Hirsch began systematically to skewer these stupid ideas (which still dominate the New Zealand government education system to this day).
More powerfully than any previous critic, Hirsch showed how destructive these instructional approaches were. The idea that schools could starve children of factual knowledge, yet somehow encourage them to be “critical thinkers” and teach them to “learn how to learn,” defied common sense. But Hirsch also summoned irrefutable evidence from the hard sciences to eviscerate progressive-ed doctrines. Hirsch had spent the better part of the decade since Cultural Literacy mastering the findings of neurobiology, cognitive psychology, and psycholinguistics on which teaching methods best promote student learning. The scientific consensus showed that schools could not raise student achievement by letting students construct their own knowledge.

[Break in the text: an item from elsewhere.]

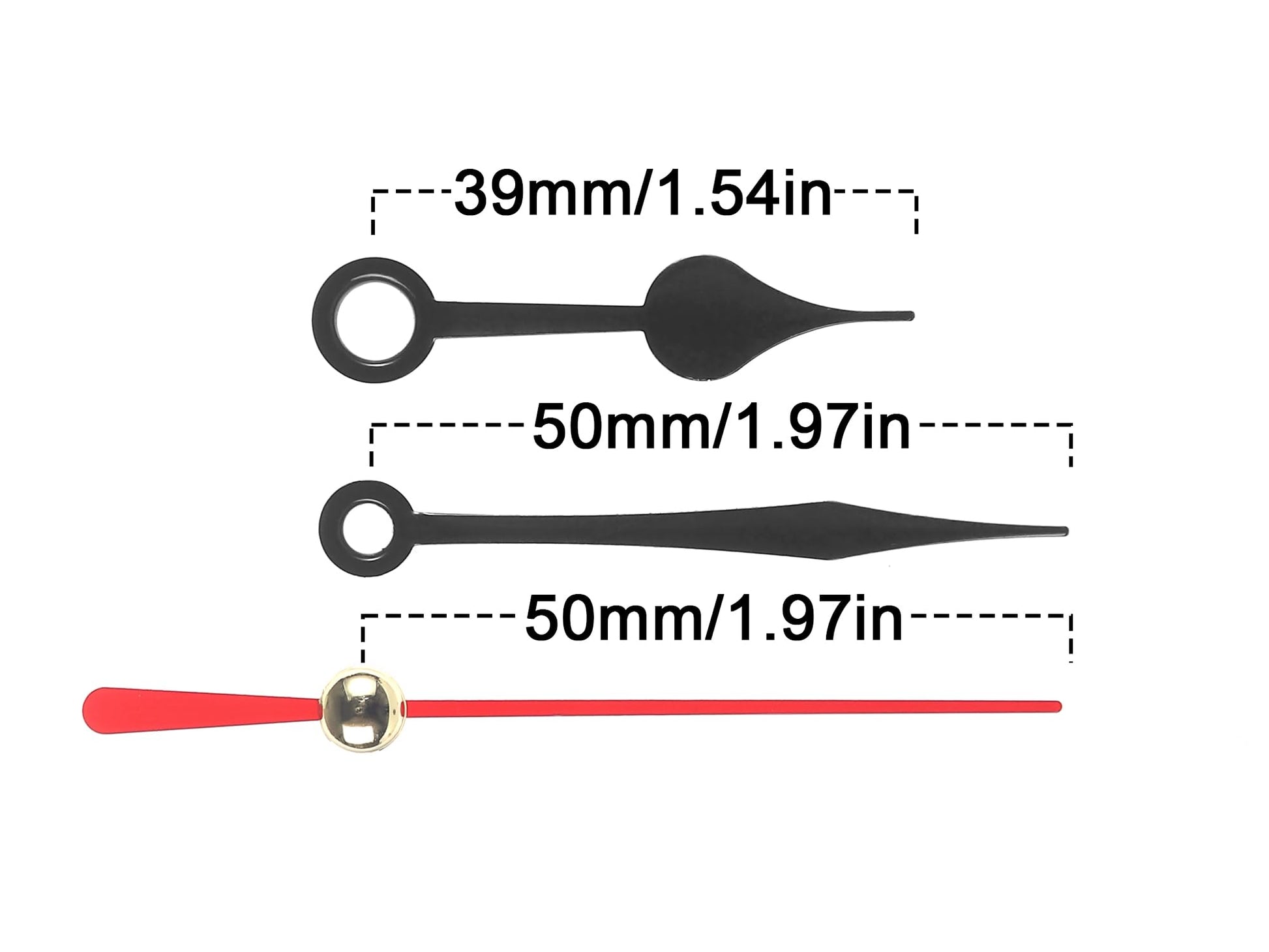 - Complete Clock Parts: include everything you need: 1 high-quality clock mechanism ,1 black ×39mm hour hand,1 black×50mm minute hand, 1 red× 50mm second hand, and all necessary mounting accessories.(not include hanger bracket)

The pedagogy that mainstream scientific research supported, Hirsch showed, was direct instruction by knowledgeable teachers who knew how to transmit their knowledge to students—the very opposite of what the progressives promoted.

In 1993 the State of Massachusetts quixotically decided that it would follow Hirsch's advice and set knowledge based standards in its curricula for each school year. The result? Rapidly rising educational achievements by students in the Massachusetts school system.
In the new millennium, Massachusetts students have surged upward on the biennial National Assessment of Educational Progress (NAEP)—“the nation’s report card,” as education scholars call it. On the 2005 NAEP tests, Massachusetts ranked first in the nation in fourth- and eighth-grade reading and fourth- and eighth-grade math. It then repeated the feat in 2007. No state had ever scored first in both grades and both subjects in a single year—let alone for two consecutive test cycles. On another reliable test, the Trends in International Math and Science Studies, the state’s fourth-graders last year ranked second globally in science and third in math, while the eighth-graders tied for first in science and placed sixth in math. (States can volunteer, as Massachusetts did, to have their students compared with national averages.) The United States as a whole finished tenth.
It is a salutary achievement. But not unexpected. Strange things happen when you cast of the shackles of a spurious ideology and deal with the world as God has created and established it. Part of that establishment is accepting the superiority of adults (and their delegates, the teachers) over children and their consequent responsibility to teach and impart truth and knowledge to the next generation.